* What to do
For this exercise, write each entry below out precisely and omit the pictures.

─── Supplied material

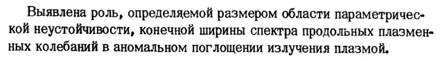 Выявлена роль, определяемой размером области параметрической неустойчивости, конечной ширины спектра продольных плазменных колебаний в аномальном поглощении излучения плазмой.
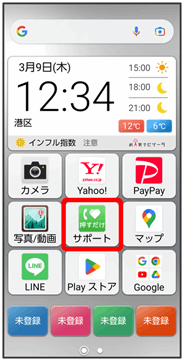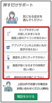 「サポート」アプリをタップするだけで、本機の症状を確認してくれます。症状を改善できない場合は、アプリから直接「かんたんスマホ カスタマーセンター」に電話をかけることもできます。「かんたんスマホ カスタマーセンター」への通話は無料となります。
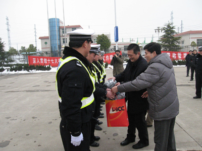 郭总还亲自分赴黄冈市东门街路口、大桥收费站口等地慰问坚守在执勤岗位的交通民警,给他们送去了围巾、棉手套等防寒保暖衣物。
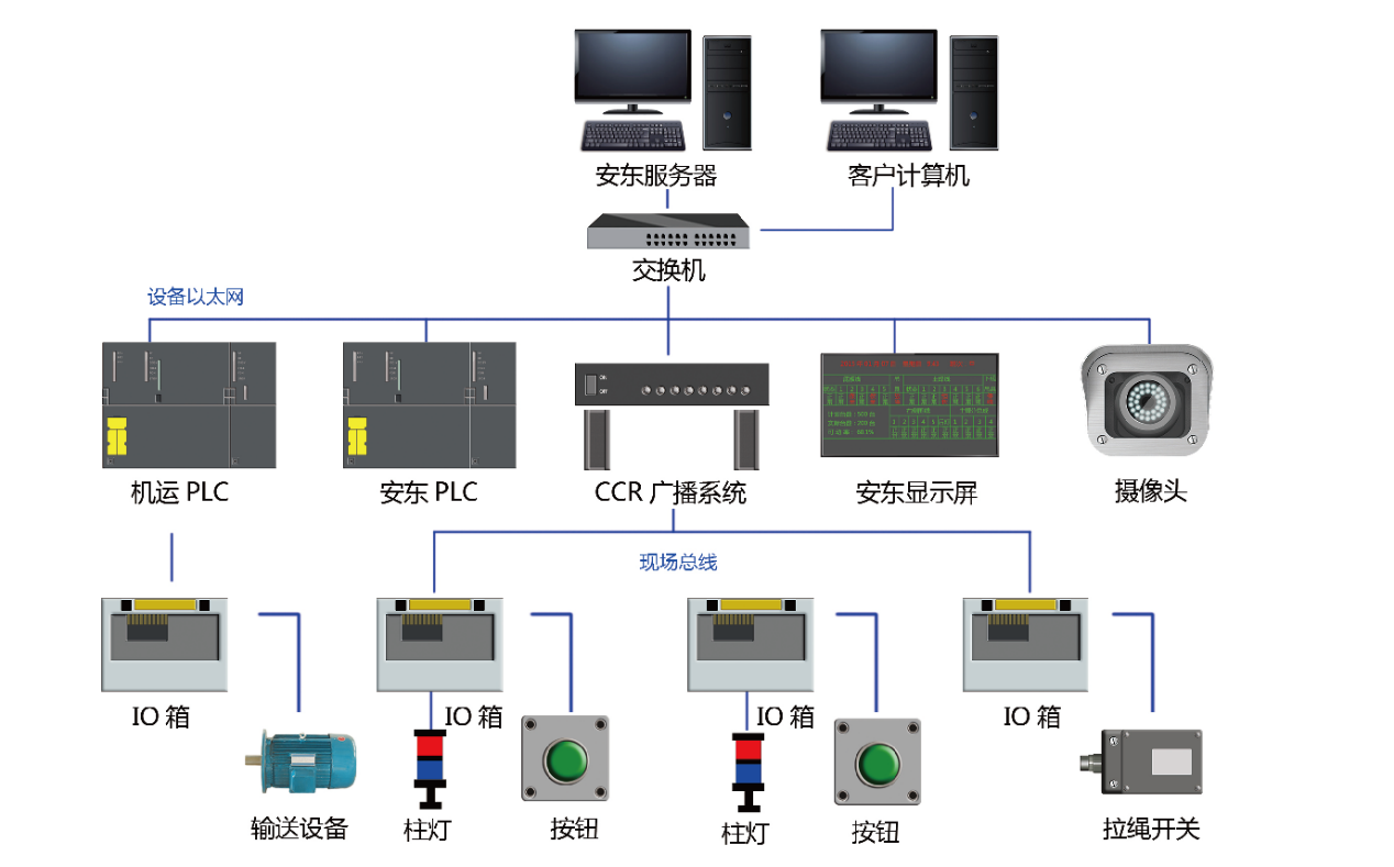 ANDON(安东)系统是应用在车间生产线上的实时呼叫系统,用来帮助生产线上的工人在一定生产节拍内、完成符合质量要求的产品装配任务。在生产过程中,各个工位的工人可以通过ANDON系统的按钮/拉绳开关等向班组长汇报产品质量问题,设备故障或其它帮助请求。通过ANDON系统的看板和呼叫音乐及ANDON管理软件及时将各个现场的问题广播通知到各班组长,提醒班组长尽快帮助解决问题。同时A N D O N 也可以通过L E D 大屏显示生产信息和设备、机运的故障。通过报表可以查询请求帮助、故障等相关历史信息及统计资料进行打印发布。
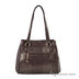 Модель выполнена из экокожи с перламутровым отливом с тиснением под рептилию. Сумка закрывается на поворотный замок. Внутри два отделения, разделенных средником на молнии, имеется внутренний карман на молнии, а также открытый карман для мелких предметов и для мобильного телефона. Цвет фурнитуры - блестящее золото. Длина ручек позволяет носить сумку на плече.
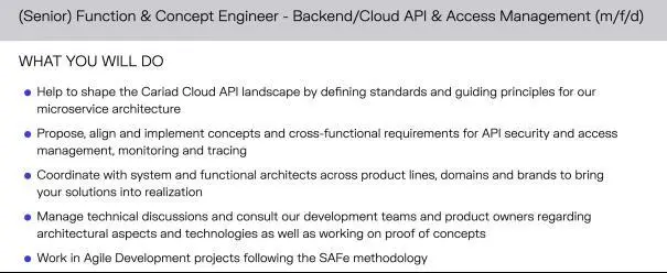 某技术类岗位要求显示,CARIAD工程师仍以管理和规划为主要职责。图源:CARIAD
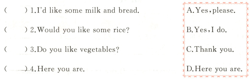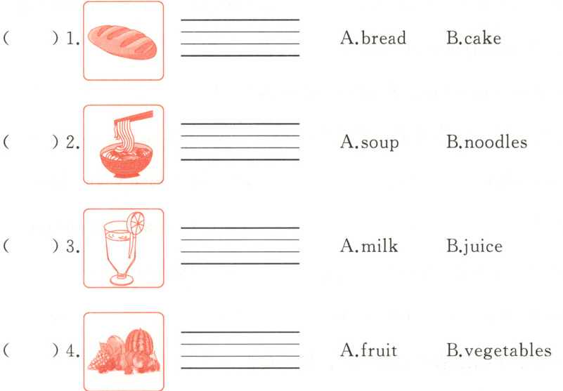 1.A bread 2.B noodles 3.B juice 4.A fruit
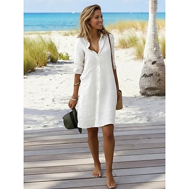 Per donna Mini Abito Finto cotone e lino Abito Camicia Abito Bianco Copricostume Hawaiano Spiaggia Vacanza Ferie Vestibilità comoda Manica Lunga Colletto a Camicia Nero Bianco Estate
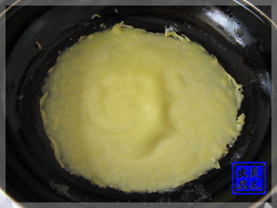 步骤三:平底锅内刷上一层食油,舀入一勺面糊,小火摊开成一张饼皮。

──────

* Response to the task
 Выявлена роль, определяемой размером области параметрической неустойчивости, конечной ширины спектра продольных плазменных колебаний в аномальном поглощении излучения плазмой.
 「サポート」アプリをタップするだけで、本機の症状を確認してくれます。症状を改善できない場合は、アプリから直接「かんたんスマホ カスタマーセンター」に電話をかけることもできます。「かんたんスマホ カスタマーセンター」への通話は無料となります。
 郭总还亲自分赴黄冈市东门街路口、大桥收费站口等地慰问坚守在执勤岗位的交通民警,给他们送去了围巾、棉手套等防寒保暖衣物。
 ANDON(安东)系统是应用在车间生产线上的实时呼叫系统,用来帮助生产线上的工人在一定生产节拍内、完成符合质量要求的产品装配任务。在生产过程中,各个工位的工人可以通过ANDON系统的按钮/拉绳开关等向班组长汇报产品质量问题,设备故障或其它帮助请求。通过ANDON系统的看板和呼叫音乐及ANDON管理软件及时将各个现场的问题广播通知到各班组长,提醒班组长尽快帮助解决问题。同时A N D O N 也可以通过L E D 大屏显示生产信息和设备、机运的故障。通过报表可以查询请求帮助、故障等相关历史信息及统计资料进行打印发布。
 Модель выполнена из экокожи с перламутровым отливом с тиснением под рептилию. Сумка закрывается на поворотный замок. Внутри два отделения, разделенных средником на молнии, имеется внутренний карман на молнии, а также открытый карман для мелких предметов и для мобильного телефона. Цвет фурнитуры - блестящее золото. Длина ручек позволяет носить сумку на плече.
 某技术类岗位要求显示,CARIAD工程师仍以管理和规划为主要职责。图源:CARIAD
 1.A bread 2.B noodles 3.B juice 4.A fruit
 Per donna Mini Abito Finto cotone e lino Abito Camicia Abito Bianco Copricostume Hawaiano Spiaggia Vacanza Ferie Vestibilità comoda Manica Lunga Colletto a Camicia Nero Bianco Estate
 步骤三:平底锅内刷上一层食油,舀入一勺面糊,小火摊开成一张饼皮。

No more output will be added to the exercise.